Robust Sure Independence Screening (DPD-SIS) and Conditional Screening (DPD-CSIS) using the Minimum Density Power Divergence (DPD) Estimators (Ghosh and Thoresen, 2021; Ghosh et al., 2021)
You can install the development version from GitHub with:
# install.packages("devtools")
devtools::install_github("abhianik/dpdSIS")
You first need to load the following packages.
library(dpdSIS)
## Additional packages Required
library(MASS)
library(parallel)
library(doParallel)
library(sfsmisc)
Examples to run DPD-SIS given the response vector y and covariate matrix X (without intercept) for a given GLM.
n = length(y) # No. of observations
d = floor(n/log(n)) # Required model size
alpha = 0.1 # DPD tuning parameter
## Run DPD-SIS Screening for a given alpha and specified GLM
SIS <- dpd.sis(d, y, X, alpha, reg='lrm') # For Linear regression model (with known error variance equal to one)
SIS <- dpd.sis(d, y, X, alpha, reg='logistic') # For Logistic regression model
SIS <- dpd.sis(d, y, X, alpha, reg='poisson') # For Poisson regression model
SIS <- dpd.sis.lrm(d, y, cbind(1, X), alpha) # For Linear regression model with unknwon error variance
Examples to run DPD-CSIS given the response vector y and covariate matrix X (without intercept) for a given GLM, when a matrix of conditioning covarites is given as XC (should include intercept)
n = length(y) # No. of observations
d = floor(n/log(n)) # Required model size
alpha = 0.1 # DPD tuning parameter
## Run DPD-SIS Screening for a given alpha and specified GLM
SIS <- dpd.sis(d, y, X, alpha, reg='lrm', XC) # For Linear regression model
SIS <- dpd.sis(d, y, X, alpha, reg='logistic', XC) # For Logistic regression model
SIS <- dpd.sis(d, y, X, alpha, reg='poisson', XC) # For Poisson regression model
The function dpd.sis (and also dpd.sis.lrm) returns a matrix (SIS) of order d X 2, where the first column contains the ranked variable indices (in decreasing order of abosolute values of the marginal slope) and the second column contains the estimated marginal slopes of the corresponding variables.
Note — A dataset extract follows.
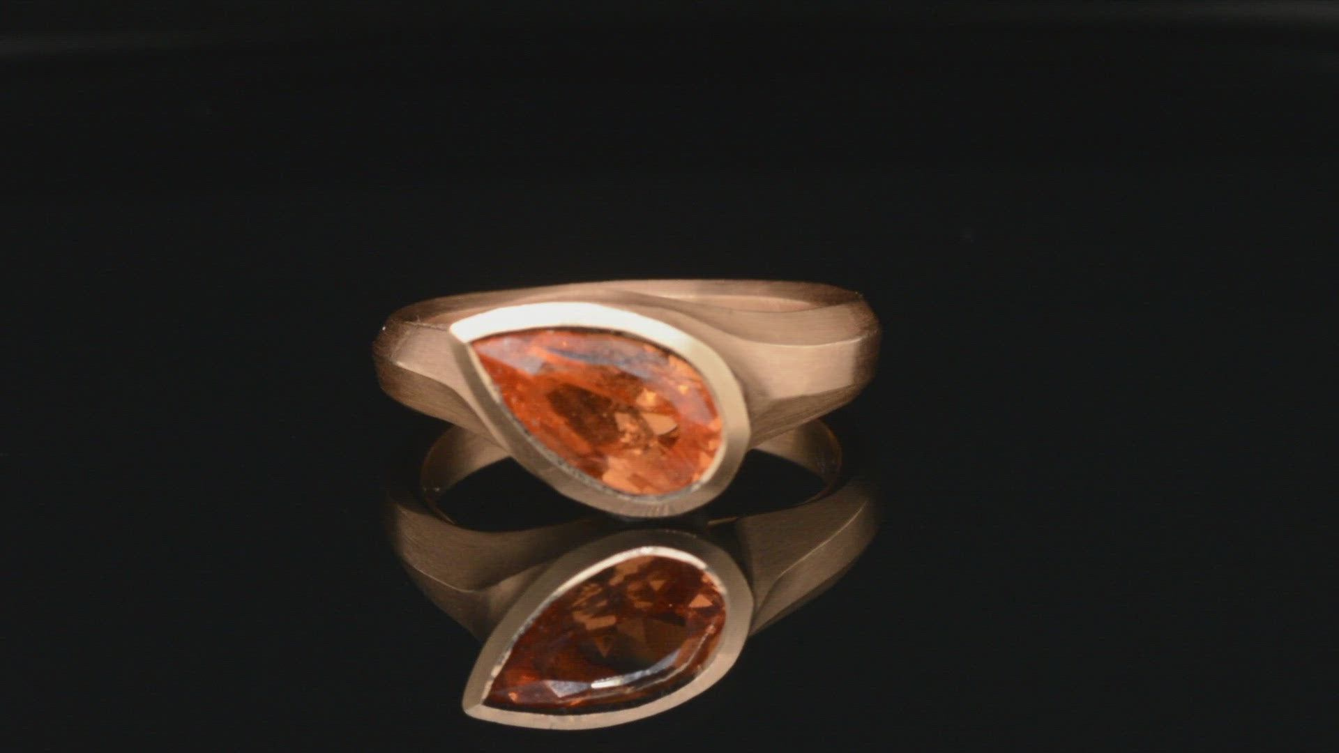 Part of our Arris series of hand-carved rings, this elegantly proportioned rose gold and mandarin garnet ring is ideal for wear either as a dress ring or engagement ring. If desired, a fitted hand-carved wedding band can be made to match.

It returns the top d variables in decreasing order of importance.
library(SIS)
X0 = cbind(1, X)
SIS_usual <- SIS(X0, y, family='gaussian', iter = FALSE, nsis=d)
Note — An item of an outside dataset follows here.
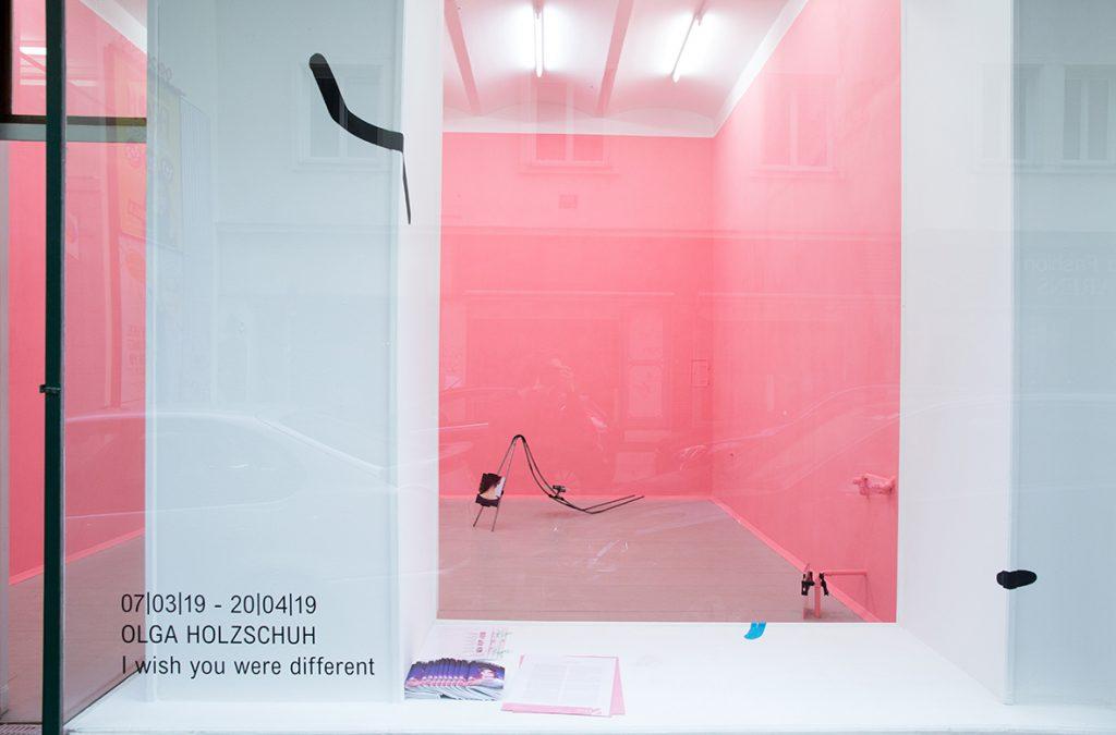 Ausgehend von den Veränderungen, die im Denken, Handeln und Fühlen unter Kontrollmechanismen entstehen, entwickelt Olga Holzschuh Zeichenanordnungen für das Nachdenken über Gegenwart und Zukunft. Diese Manifestation nimmt auch im digitalen Raum merklich zu. In fotografischen Arbeiten sowie in Videos, Objekten und Installationen werden Gesten und Posen verhandelt, die zwischen scheinbar unvereinbaren Gegensatzpaaren oszillieren: Macht(-losigkeit), Aktivität und Passivität, Schutz(-losigkeit), Gewalt(-freiheit), Fragilität und Stabilität. I wish you were different, der Titel der Schau, changiert zwischen Vorwurf, Drohung und vielleicht utopischen, melancholischem Wunsch. Er trägt eine dunkle Vorhersehung persönlicher Destabilisierung in sich, zeitgleich den Idealismus einer sentimentalen Bitte, und stellt die wesentliche Frage, ob jemand oder etwas in der Lage ist, sich grundlegend zu ändern.

# Indices of screened variables are to be obtained as follows:
I1=SIS_usual$sis.ix0
In the following, the covariate matrix X0 should include the intercept variable as well, i.e., X0 = cbind(1, X), and the output obtained in each case has the exact same structure as the output of dpd.sis or dpd.sis.lrm (for ease of comparison).
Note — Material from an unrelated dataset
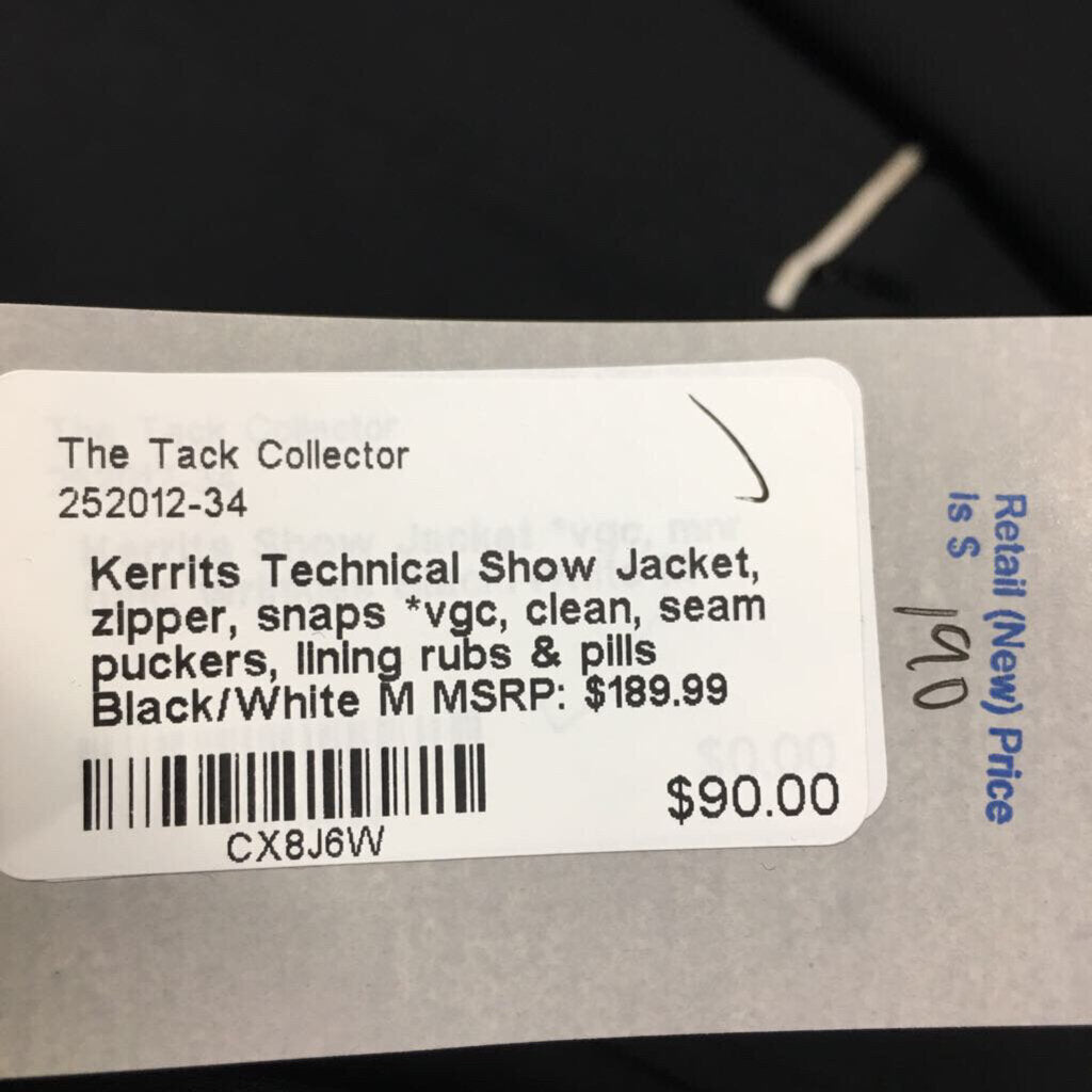 Technical Show Jacket, zipper, snaps *vgc, clean, seam puckers, lining rubs & pills

- Rank-SIS: (Li et al., 2012)
SIS_rank <- rank.sis.lrm(d, y, X0)
- GK-SIS: (Gather and Guddat, 2008)
SIS_GK <- GK.sis.lrm(d, y, X0)
- dCorr-SIS: (Wan et al., 2017)
library(energy)
SIS_dCor <- dcor.sis.lrm(d, y, X0)
- MCP-SIS: (Mu and Xiong, 2014)
SIS_MCP <- MCP.sis.lrm(d, y, X0)
Fan J, Lv J. Sure independence screening for ultrahigh dimensional feature space. J Royal Stat Soc B. 2008; 70(5):849{911.
Gather U, Guddat C. Comment on "Sure Independence Screening for Ultrahigh Dimensional Feature Space" by Fan, JQ and Lv, J. J Royal Stat Soc B. 2008; 70:893-895.
Ghosh A, Thoresen M. A robust variable screening procedure for ultra-high dimensional data. Stat Meth Med Res, 2021, 30(8), 1816–1832.
Ghosh A, Ponzi E, Sandanger T, Thoresen M. Robust Sure Independence Screening for Non-polynomial dimensional Generalized Linear Models. arXiv preprint 2021; arXiv:2005.12068v2.
Li G, Peng H, Zhang J, Zhu L. Robust rank correlation based screening. Ann Stat. 2012; 40(3):1846-1877.
Mu W, Xiong S. Some notes on robust sure independence screening. J App Stat. 2014; 41(10):2092-2102.
Wang T, Zheng L, Li Z, Liu H. A robust variable screening method for high-dimensional data. J App Stat. 2017; 44(10):1839-1855.